(Extracted information)
--*--

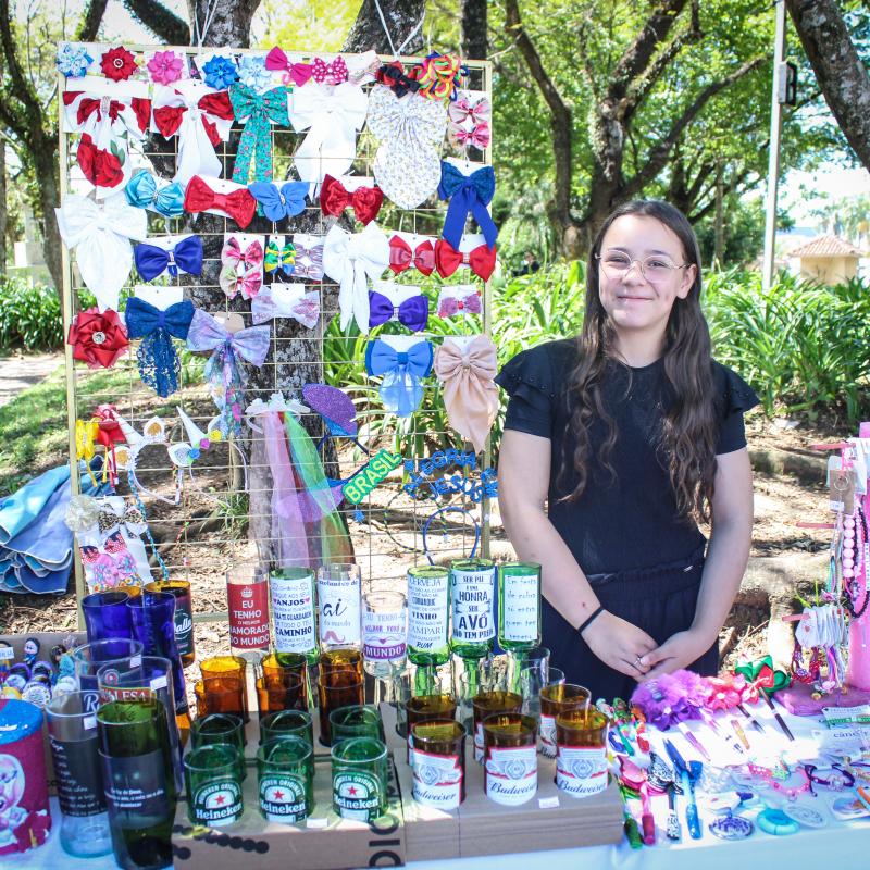 Nesta edição, 36 expositores participaram da Feira, entre adolescentes e familiares, apresentando uma grande variedade de produtos doces, salgados, velas e sabonetes artesanais, cucas, bolos, cones trufados, alfajores, peças de artesanato, quadros pintados a óleo e pesinhos de porta, entre outros. Além das exposições, o público pôde acompanhar a apresentação do grupo Dona Lenir e os Guris e participar do Canto Livre na Praça, um espaço aberto para quem quisesse cantar ou tocar.
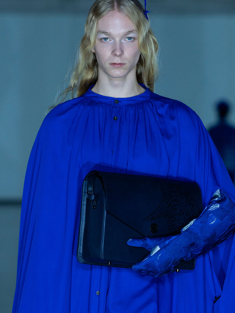 Known for exploring the theme of “picturesque scenery,” SHINYAKOZUKA’s collections often draw from designer Shinya Kozuka’s own drawings and paintings. The latest season (ISSUE#7) tells the story of a penguin who, though yearning for the freedom of flight, has ultimately embraced life as a penguin. Crafted from luxuriously smooth leather and finished with a wax seal–inspired button, it’s an exquisite, one-of-a-kind piece where whimsy meets masterful craftsmanship.
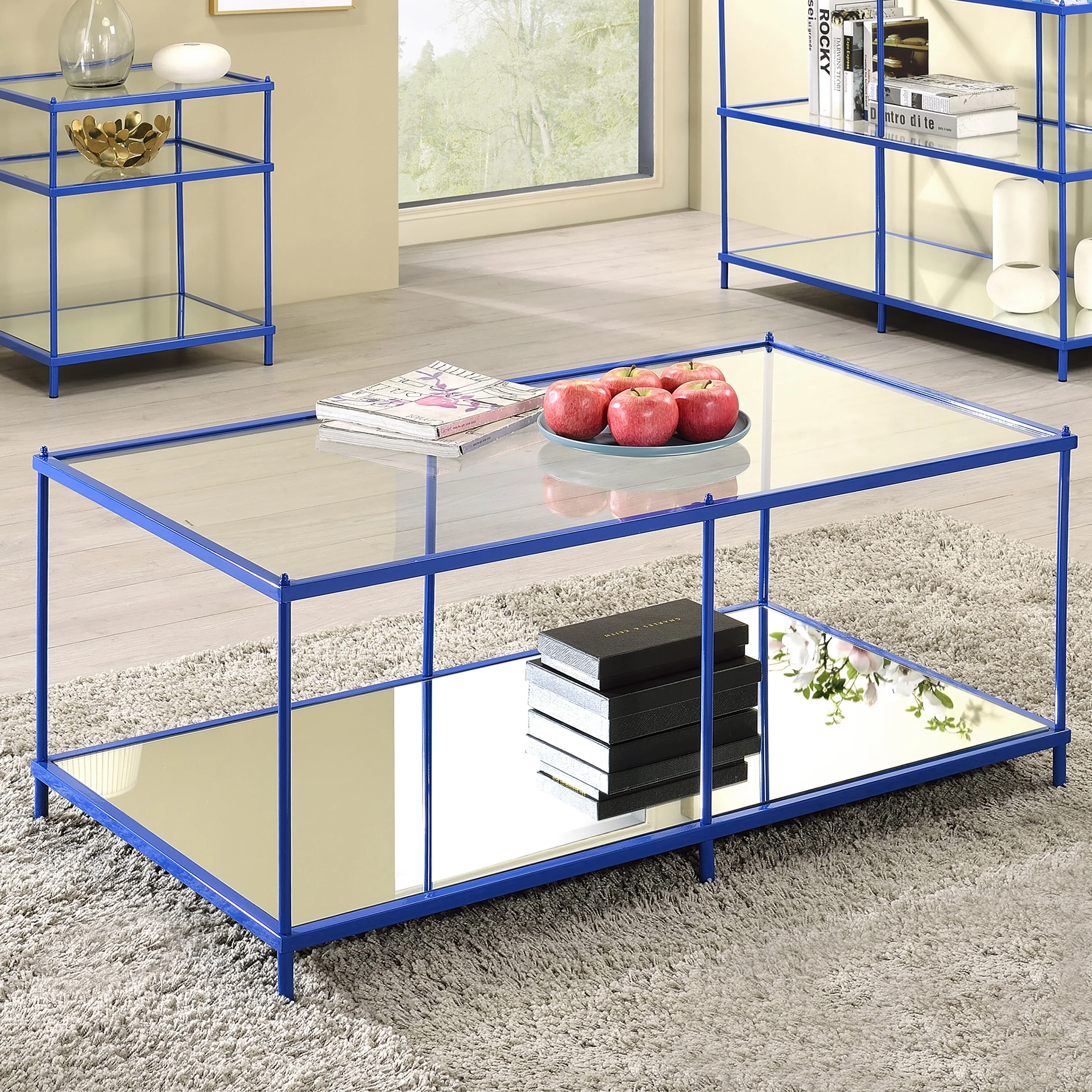 45.2 Inch Wood Coffee Table, Center Table with 2 Tier Shelves
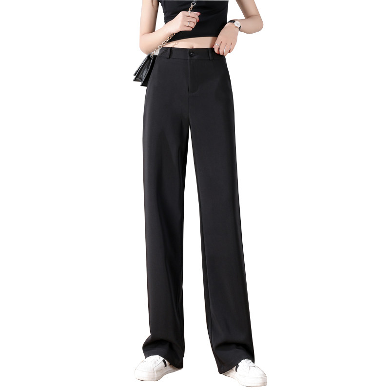 Suit pants women's straight tube loose drape summer small tall waist was thin spring and autumn black pendant wide leg mopping pants
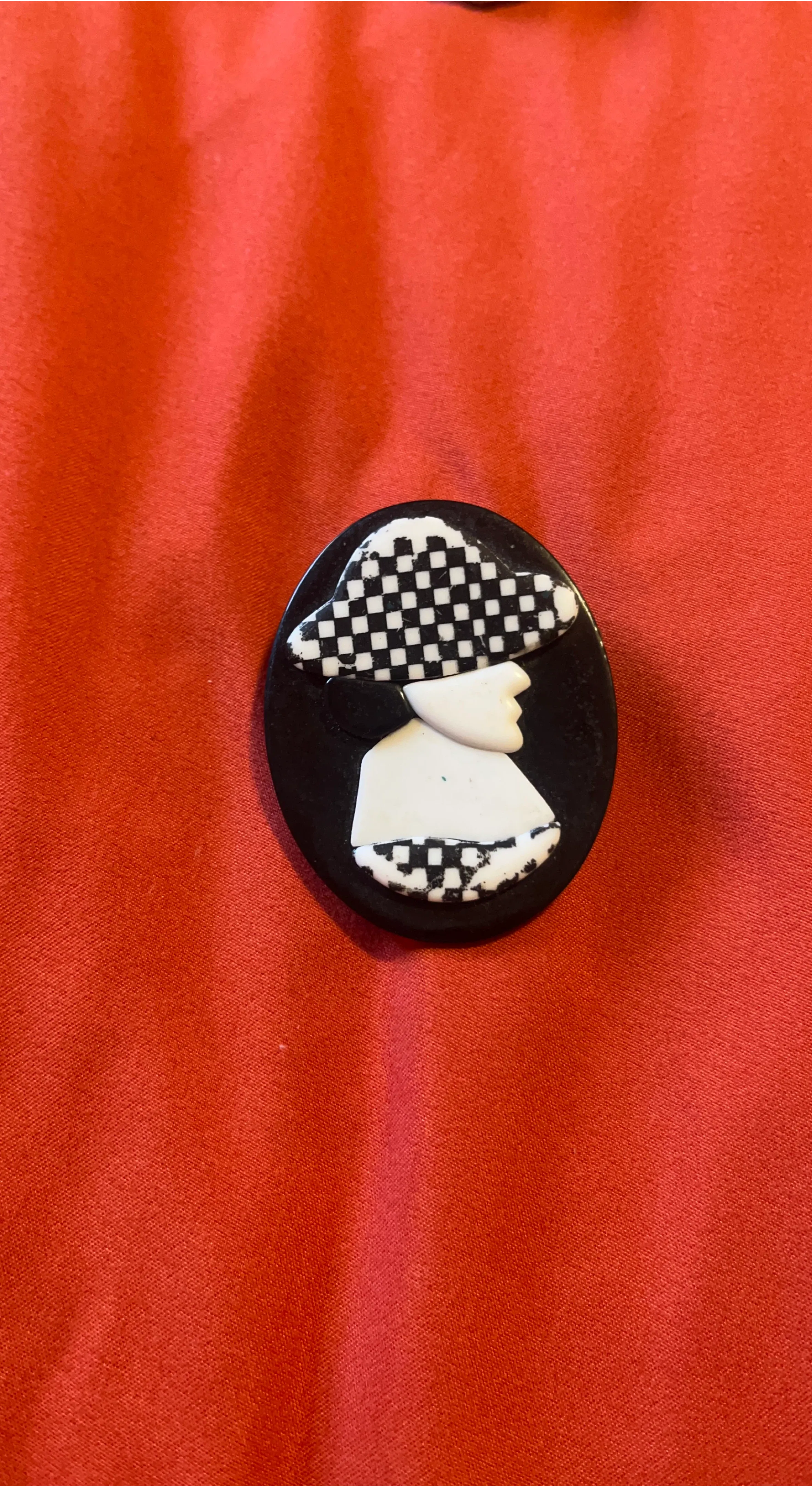 This unique brooch features a black silhouette with a checkered hat and collar. It's a fun accessory for any outfit! The brooch is made of plastic and has a secure pin backing.

--*--

(What is required) Pictures are to be omitted; otherwise, write out the data exactly as it appears.

(Answer space)
 Nesta edição, 36 expositores participaram da Feira, entre adolescentes e familiares, apresentando uma grande variedade de produtos doces, salgados, velas e sabonetes artesanais, cucas, bolos, cones trufados, alfajores, peças de artesanato, quadros pintados a óleo e pesinhos de porta, entre outros. Além das exposições, o público pôde acompanhar a apresentação do grupo Dona Lenir e os Guris e participar do Canto Livre na Praça, um espaço aberto para quem quisesse cantar ou tocar.
 Known for exploring the theme of “picturesque scenery,” SHINYAKOZUKA’s collections often draw from designer Shinya Kozuka’s own drawings and paintings. The latest season (ISSUE#7) tells the story of a penguin who, though yearning for the freedom of flight, has ultimately embraced life as a penguin. Crafted from luxuriously smooth leather and finished with a wax seal–inspired button, it’s an exquisite, one-of-a-kind piece where whimsy meets masterful craftsmanship.
 45.2 Inch Wood Coffee Table, Center Table with 2 Tier Shelves
 Suit pants women's straight tube loose drape summer small tall waist was thin spring and autumn black pendant wide leg mopping pants
 This unique brooch features a black silhouette with a checkered hat and collar. It's a fun accessory for any outfit! The brooch is made of plastic and has a secure pin backing.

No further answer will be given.